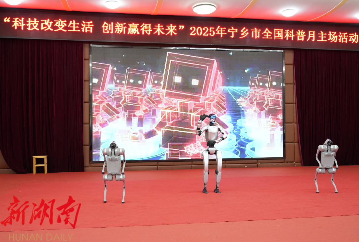 当天的主场活动科技味浓郁,精彩纷呈,机器人携机器狗进行酷炫的舞蹈表演,宁乡市中医医院职工表演《让我们遇见“椎”好的你》医学科普剧,“李白”机器人与一中学子激昂“斗诗”,中南大学教授、博士生导师徐海带来了“名侦探柯南与化学探秘”科普知识讲座。
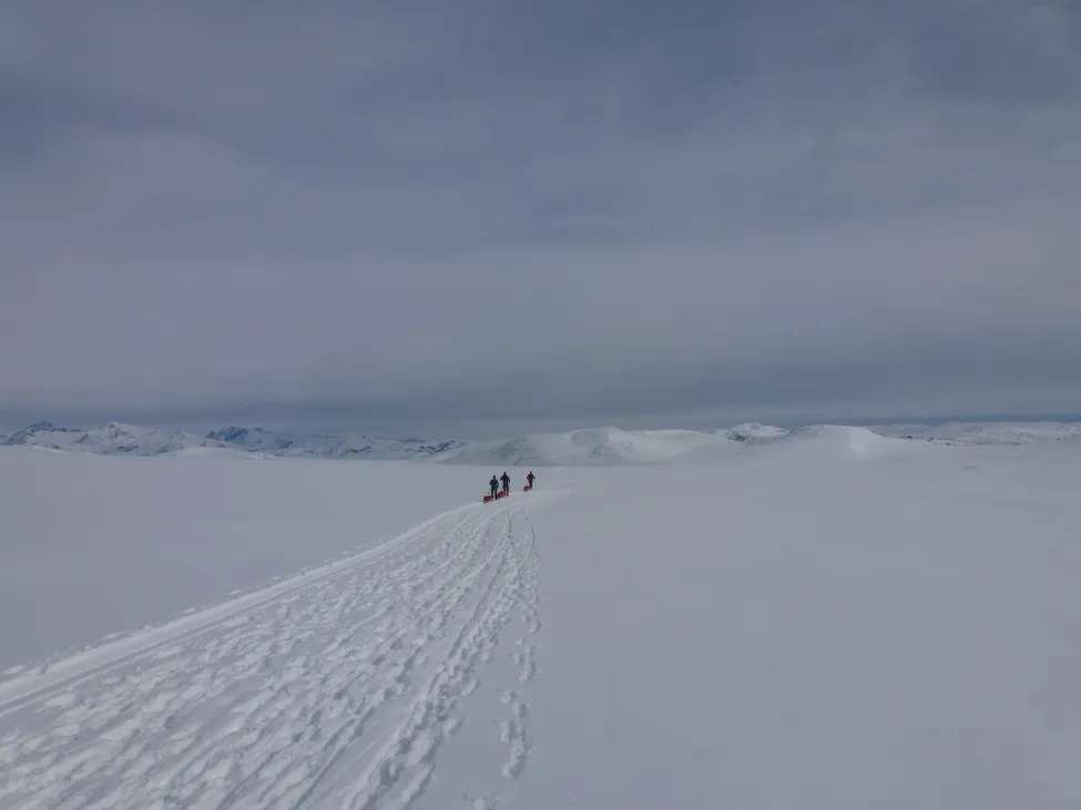 Efter sprickpartiet stötte vi ihop med ett hundspannspår. Vi följde det ner längs glaciärkanten. Nästan nere vek vi av mot ett litet bergspass.
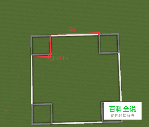 首先建造一个正方形区域,四个角分别是15X15的方形区域。间隔35格。
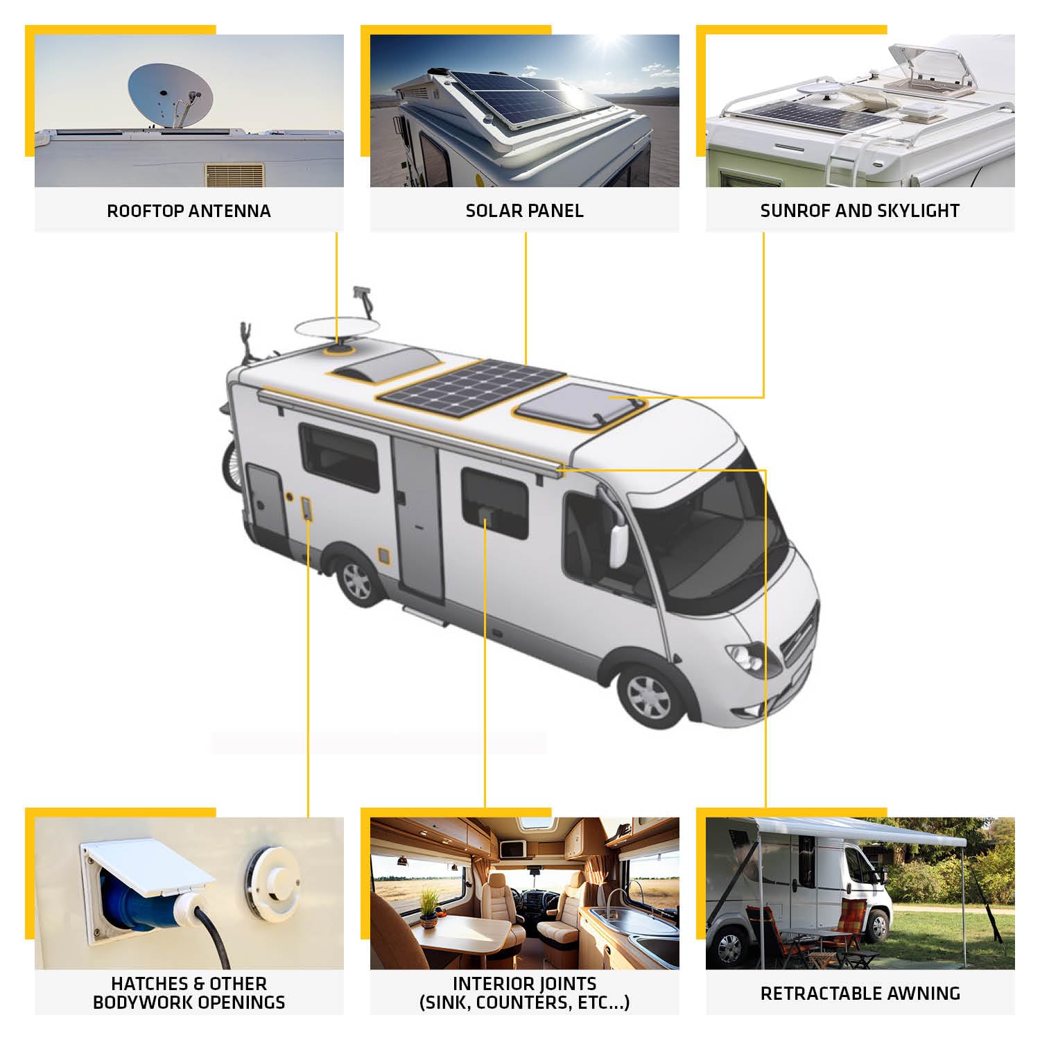 Sikaflex 221 is widely used in marine deck hardware installation, RV body panel bonding, automotive window sealing, and general construction applications where a flexible, durable, weather-resistant seal is required. The 10.3 oz cartridge is compatible with standard caulking guns for easy application.
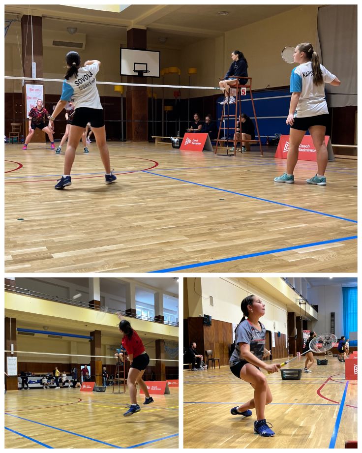 Opět potěšila čtyřhra, kde spolu s Amčou Kapustovou (Vodňany) předvedly koncentrákovanou sílu badmintonového enzymu, krumlovské Aničku Dvořákovou a Nikol Zuzákovou přehrály v hezkém tempu 21–13 a 21–12 a účastí v semifinále si tak zajistily jistou medaili. Rovnou řekněme, že bronzovou, protože o nějaké lepší se řeč nevedla. Proti Bětce Hrdličkové (Strakonice) a Míše Jersonové totiž umíme jen hrát. Nikoliv vyhrát, což je trochu čára přes rozpočet. Neuchýlit se v druhém setu k možná trochu zbytečnému vyhazování, mohl být výsledek ještě o něco hezčí, než nakonec celkem statečných 15–21 a 13–21. A kromě přijetí pocty za třetí flek hřálo navíc i vědomí, že herně jsme vítězkám zatopili minimálně stejně, jako poražené finalistky.

WHAT THE TASK REQUIRES> No pictures belong in the copy; output every record exactly.

TASK RESULT>
 当天的主场活动科技味浓郁,精彩纷呈,机器人携机器狗进行酷炫的舞蹈表演,宁乡市中医医院职工表演《让我们遇见“椎”好的你》医学科普剧,“李白”机器人与一中学子激昂“斗诗”,中南大学教授、博士生导师徐海带来了“名侦探柯南与化学探秘”科普知识讲座。
 Efter sprickpartiet stötte vi ihop med ett hundspannspår. Vi följde det ner längs glaciärkanten. Nästan nere vek vi av mot ett litet bergspass.
 首先建造一个正方形区域,四个角分别是15X15的方形区域。间隔35格。
 Sikaflex 221 is widely used in marine deck hardware installation, RV body panel bonding, automotive window sealing, and general construction applications where a flexible, durable, weather-resistant seal is required. The 10.3 oz cartridge is compatible with standard caulking guns for easy application.
 Opět potěšila čtyřhra, kde spolu s Amčou Kapustovou (Vodňany) předvedly koncentrákovanou sílu badmintonového enzymu, krumlovské Aničku Dvořákovou a Nikol Zuzákovou přehrály v hezkém tempu 21–13 a 21–12 a účastí v semifinále si tak zajistily jistou medaili. Rovnou řekněme, že bronzovou, protože o nějaké lepší se řeč nevedla. Proti Bětce Hrdličkové (Strakonice) a Míše Jersonové totiž umíme jen hrát. Nikoliv vyhrát, což je trochu čára přes rozpočet. Neuchýlit se v druhém setu k možná trochu zbytečnému vyhazování, mohl být výsledek ještě o něco hezčí, než nakonec celkem statečných 15–21 a 13–21. A kromě přijetí pocty za třetí flek hřálo navíc i vědomí, že herně jsme vítězkám zatopili minimálně stejně, jako poražené finalistky.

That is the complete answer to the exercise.